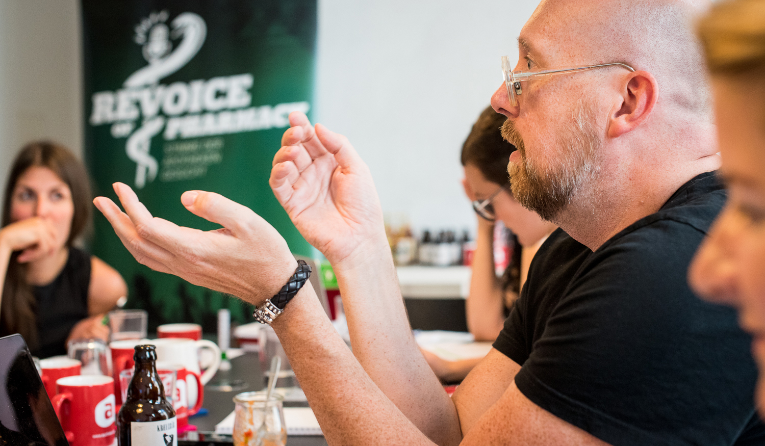 Zweiter Mann bei „Revoice of Pharmacy“ ist Axel Meyer aus Berlin. Der Inhaber der Alten Spree Apotheke sang früher viel und würde künftig gerne wieder mehr Zeit dafür haben. „Bei Axel spüre ich seine Leidenschaft für die Musik! Er ist in den vergangenen Jahren, durch Beruf und Familie, wenig dazu gekommen diese auszuleben. Umso mehr freue ich mich darauf ihm einen musikalischen Weg aufzuzeigen, der ihn weiterbringt und hoffentlich dranbleiben lässt“, so Hafemann.
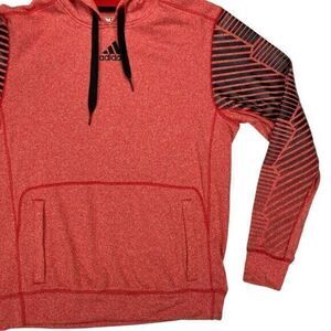 - Description: Adidas Ultimate Hoodie Mens Sz M Red Black Striped Climawarm Athletic Sweatshirt
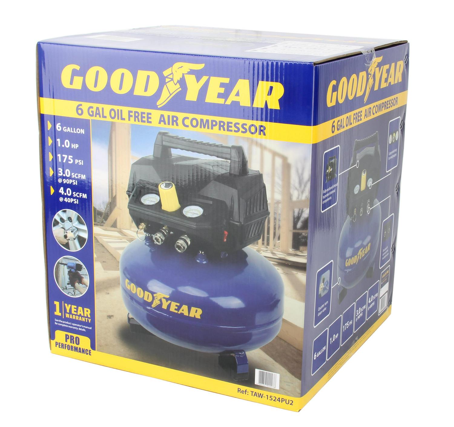 This is a GOODYEAR 6 Gallon Portable Pancake Air Compressor. This compressor boasts of 175 Max Psi with an impressive 4.0 SCFM at 40 PSI and 3.0 SCFM @ 90 PSI. This unit has an oil free maintenance free pump. You do not have to worry about changing the oil and works perfect in cold weather. This unit has a carry handle to maximize portability and only weighing approximately 37 lbs. The GOODYEAR 6 gallon is perfect for trim work and finishing work with duel quick connects. This unit is powerful enough to operate 2 nailers at a time. Everything you need to get the job done.
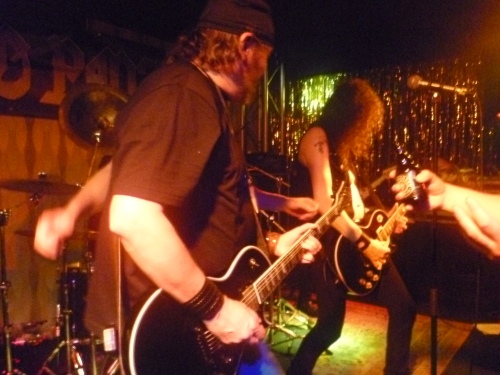 Spätestens mit dem sehnlichst erwarteten Headliner wird es richtig voll in der Goldgrube. Geschätzte 120 Besucher sind anwesend, die Maximalkapazität der Goldgrube liegt bei ca. 180, was für die Kleinlocation eigentlich an sich völlig ausreicht. Für mich zählen JAG PANZER zu den fünf besten US-(Power)Metalbands aller Zeiten, diese Band verkörpert wie keine andere den Inbegriff des US Power Metals, (- welche die anderen vier sind, dürfen jene, die mich kennen, gern selbst erraten!). Ihre Sonderstellung unterstreicht die vom Start weg auf extrem hohem Niveau zur Sache gehende Legende vor einem sofort vom ersten Riff gnadenlos durchdrehenden Publikum in Kassel. Die sich sogar über so manchen Aufnäher anderer Bands auf Fankutten freuenden Bandmitglieder (darauf ein kräftig Prost, Mr. Tafolla!) werden nach Strich und Faden abfeiert. Musiker sind eben auch Fans, was diese sympathische US-Truppe in aller Form (wie es sich für waschechte Metalbands gehört), geballt heavy auf der Bühne zeigend auslebt.
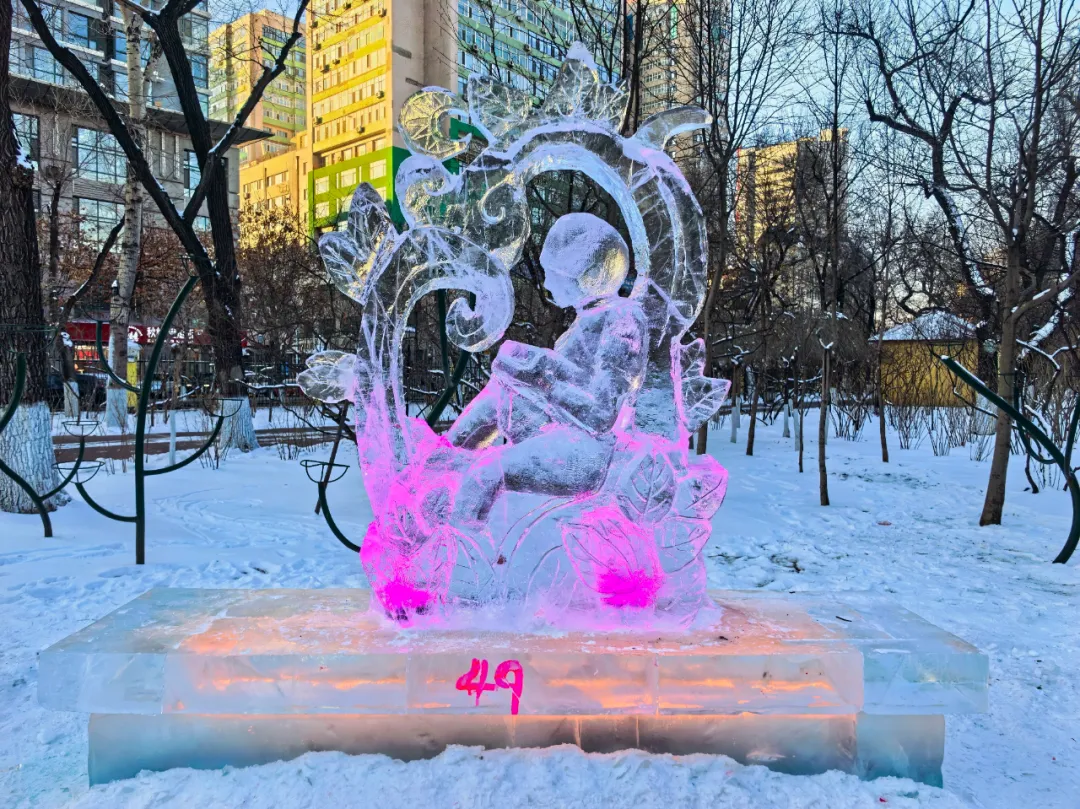 “我们想做点不一样的东西,想让人们看见冰层之下涌动的生机。”这是同学们为作品赋予《冰涧栖春》《书间生息》《冰藤里的青芒》这样名字的初衷。在零下二十度的环境中,他们执意雕琢藤蔓、羽翼这些充满生命张力的意象。“冰是冷的、凝固的,但我们想让它‘活’起来,展现出生长感和温度。”环境设计专业的田庆瑾同学解释道。他刚刚在大庆的“第八届黑龙江省高校冰灯冰雕技艺大赛”中,与队友完成了创作后,又立刻转战哈尔滨兆麟公园,参加“第二十三届黑龙江省大学生冰雕艺术设计创作大赛”。这种连轴转的参与,动力正是源于将纸上画稿变为剔透现实的强烈渴望。
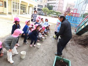 さくら組さんがチューリップを植えるのは一年ぶり・・・。
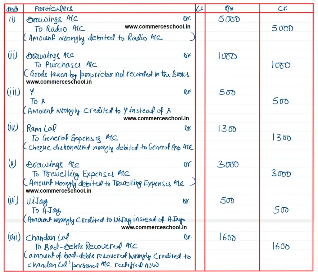 (i) ₹ 5,000, being the cost of a Radio purchased for the personal use of the proprietor has been debited to Radio account in the ledger.
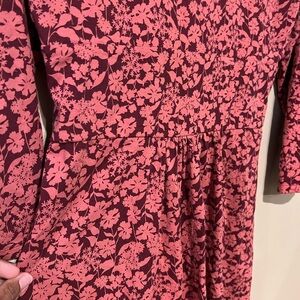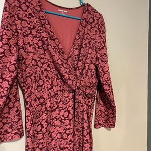 LAND'S END LONG SLEEVE DRESS Ponte Knit Faux Wrap Dress SIZE M Pink Floral
————————
▸ **Exercise description**
Retype each record exactly as it stands, but do not include the pictures.

▸ **Task result**
 Zweiter Mann bei „Revoice of Pharmacy“ ist Axel Meyer aus Berlin. Der Inhaber der Alten Spree Apotheke sang früher viel und würde künftig gerne wieder mehr Zeit dafür haben. „Bei Axel spüre ich seine Leidenschaft für die Musik! Er ist in den vergangenen Jahren, durch Beruf und Familie, wenig dazu gekommen diese auszuleben. Umso mehr freue ich mich darauf ihm einen musikalischen Weg aufzuzeigen, der ihn weiterbringt und hoffentlich dranbleiben lässt“, so Hafemann.
 - Description: Adidas Ultimate Hoodie Mens Sz M Red Black Striped Climawarm Athletic Sweatshirt
 This is a GOODYEAR 6 Gallon Portable Pancake Air Compressor. This compressor boasts of 175 Max Psi with an impressive 4.0 SCFM at 40 PSI and 3.0 SCFM @ 90 PSI. This unit has an oil free maintenance free pump. You do not have to worry about changing the oil and works perfect in cold weather. This unit has a carry handle to maximize portability and only weighing approximately 37 lbs. The GOODYEAR 6 gallon is perfect for trim work and finishing work with duel quick connects. This unit is powerful enough to operate 2 nailers at a time. Everything you need to get the job done.
 Spätestens mit dem sehnlichst erwarteten Headliner wird es richtig voll in der Goldgrube. Geschätzte 120 Besucher sind anwesend, die Maximalkapazität der Goldgrube liegt bei ca. 180, was für die Kleinlocation eigentlich an sich völlig ausreicht. Für mich zählen JAG PANZER zu den fünf besten US-(Power)Metalbands aller Zeiten, diese Band verkörpert wie keine andere den Inbegriff des US Power Metals, (- welche die anderen vier sind, dürfen jene, die mich kennen, gern selbst erraten!). Ihre Sonderstellung unterstreicht die vom Start weg auf extrem hohem Niveau zur Sache gehende Legende vor einem sofort vom ersten Riff gnadenlos durchdrehenden Publikum in Kassel. Die sich sogar über so manchen Aufnäher anderer Bands auf Fankutten freuenden Bandmitglieder (darauf ein kräftig Prost, Mr. Tafolla!) werden nach Strich und Faden abfeiert. Musiker sind eben auch Fans, was diese sympathische US-Truppe in aller Form (wie es sich für waschechte Metalbands gehört), geballt heavy auf der Bühne zeigend auslebt.
 “我们想做点不一样的东西,想让人们看见冰层之下涌动的生机。”这是同学们为作品赋予《冰涧栖春》《书间生息》《冰藤里的青芒》这样名字的初衷。在零下二十度的环境中,他们执意雕琢藤蔓、羽翼这些充满生命张力的意象。“冰是冷的、凝固的,但我们想让它‘活’起来,展现出生长感和温度。”环境设计专业的田庆瑾同学解释道。他刚刚在大庆的“第八届黑龙江省高校冰灯冰雕技艺大赛”中,与队友完成了创作后,又立刻转战哈尔滨兆麟公园,参加“第二十三届黑龙江省大学生冰雕艺术设计创作大赛”。这种连轴转的参与,动力正是源于将纸上画稿变为剔透现实的强烈渴望。
 さくら組さんがチューリップを植えるのは一年ぶり・・・。
 (i) ₹ 5,000, being the cost of a Radio purchased for the personal use of the proprietor has been debited to Radio account in the ledger.
 LAND'S END LONG SLEEVE DRESS Ponte Knit Faux Wrap Dress SIZE M Pink Floral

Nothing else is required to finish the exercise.